Just in case ogr2ogr doesn't pass it along properly, you can also try setting the environment variable PGCLIENTENCODING
to latin1
.
以防万一 ogr2ogr 没有正确传递它,您也可以尝试将环境变量设置PGCLIENTENCODING
为latin1
.
I suggest you double check that they are actually LATIN1. Simply running file
on it will give you a good idea, assuming it's actually consistent within the file. You can also try sending it through iconv
to convert it to either LATIN1 or UTF8.
我建议您仔细检查它们是否实际上是 LATIN1。file
假设它在文件中实际上是一致的,简单地运行它会给你一个好主意。您也可以尝试发送它iconv
以将其转换为 LATIN1 或 UTF8。
回答by mloskot
Currently, OGRfrom GDALdoes not perform any recoding of character data during translation between vector formats. The team has prepared RFC 23.1: Unicode support in OGRdocument which discusses support of recoding for OGR drivers. The RFC 23 was adoptedand the core functionality was already released in GDAL 1.6.0. However, most of OGR drivers have not been updated, including Shapefile driver.
目前,OGR从GDAL不矢量格式之间的转换过程中执行字符数据的任何重新编码。该团队准备了RFC 23.1:OGR文档中的Unicode 支持,该文档讨论了对 OGR 驱动程序重新编码的支持。采用了RFC 23,核心功能已经在 GDAL 1.6.0 中发布。但是,大多数 OGR 驱动程序尚未更新,包括Shapefile 驱动程序。
For the time being, I would describe OGR as encoding agnostic and ignorant. It means, OGR does take what it gets and sends it out without any processing. OGR uses char type to manipulate textual data. This is fine to handle multi-byte encoded strings (like UTF-8) - it's just a plain stream of bytes stored as array of char elements.

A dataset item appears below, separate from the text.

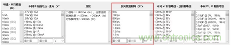 Digi-Key官網(wǎng)上,肖特基二極管選型列表中,提供“反向恢復(fù)時間”欄。為了減少額外的電磁干擾,反向恢復(fù)時間越小越好。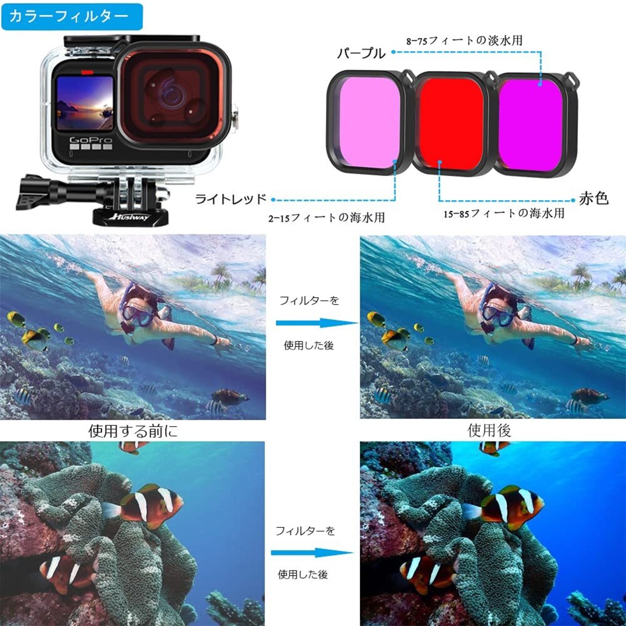 Husiway Gopro Hero 12 Hero 11 Hero 10 Hero 9 用アクセサリーキット付属品黒防水ハウジングシリコンケースガラススクリーンプロテクターはゴープロ Gopro11 Hero11 Gopro10 Hero10 Gopro9 Hero9 と互換性があります62E

目前,我会将 OGR 描述为编码不可知论和无知。这意味着,OGR 确实会获取它所得到的信息,并且无需任何处理就将其发送出去。OGR 使用 char 类型来操作文本数据。这对于处理多字节编码的字符串(如 UTF-8)来说很好——它只是一个存储为 char 元素数组的普通字节流。
It is advised that developers of OGR drivers should return UTF-8 encoded strings of attribute values, however this rule has not been widely adopted across OGR drivers, thus making this functionality not end-user ready yet.
建议 OGR 驱动程序的开发人员应返回 UTF-8 编码的属性值字符串,但是此规则尚未在 OGR 驱动程序中广泛采用,因此该功能尚未为最终用户准备好。
回答by Sylvain
You need to write your command line like this :
您需要像这样编写命令行:
PGCLIENTENCODING=LATIN1 ogr2ogr -f PostgreSQL PG:"dbname=...
回答by Roberto Marzocchi
On windows a command is
在 Windows 上,一个命令是
SET PGCLIENTENCODING=LATIN1
设置 PGCLIENTENCODING=LATIN1
On linux
在 linux 上
export PGCLIENTENCODING=LATIN1
导出 PGCLIENTENCODING=LATIN1
or
或者
PGCLIENTENCODING=LATIN1
PGCLIENTENCODING=LATIN1
Moreover this discussion help me:
此外,这个讨论对我有帮助:
On windows
在窗户上
SET PGCLIENTENCODING=LATIN1 ogr2ogr...
SET PGCLIENTENCODING=LATIN1 ogr2ogr...
do not give me any error, but ogr2ogr do not works...I need to change the system variable (e.g. System--> Advanced system settings--> Environment variables -->New system variable) reboot the system and then run
不要给我任何错误,但 ogr2ogr 不起作用...我需要更改系统变量(例如系统--> 高级系统设置--> 环境变量--> 新系统变量)重新启动系统然后运行
ogr2ogr...
ogr2ogr...
回答by Sivaguru
I solved this problem using this command:
我使用以下命令解决了这个问题:
pg_restore --host localhost --port 5432 --username postgres --dbname {DBNAME} --schema public --verbose "{FILE_PATH to import}"
I don't know if this is the right solution, but it worked for me.
我不知道这是否是正确的解决方案,但它对我有用。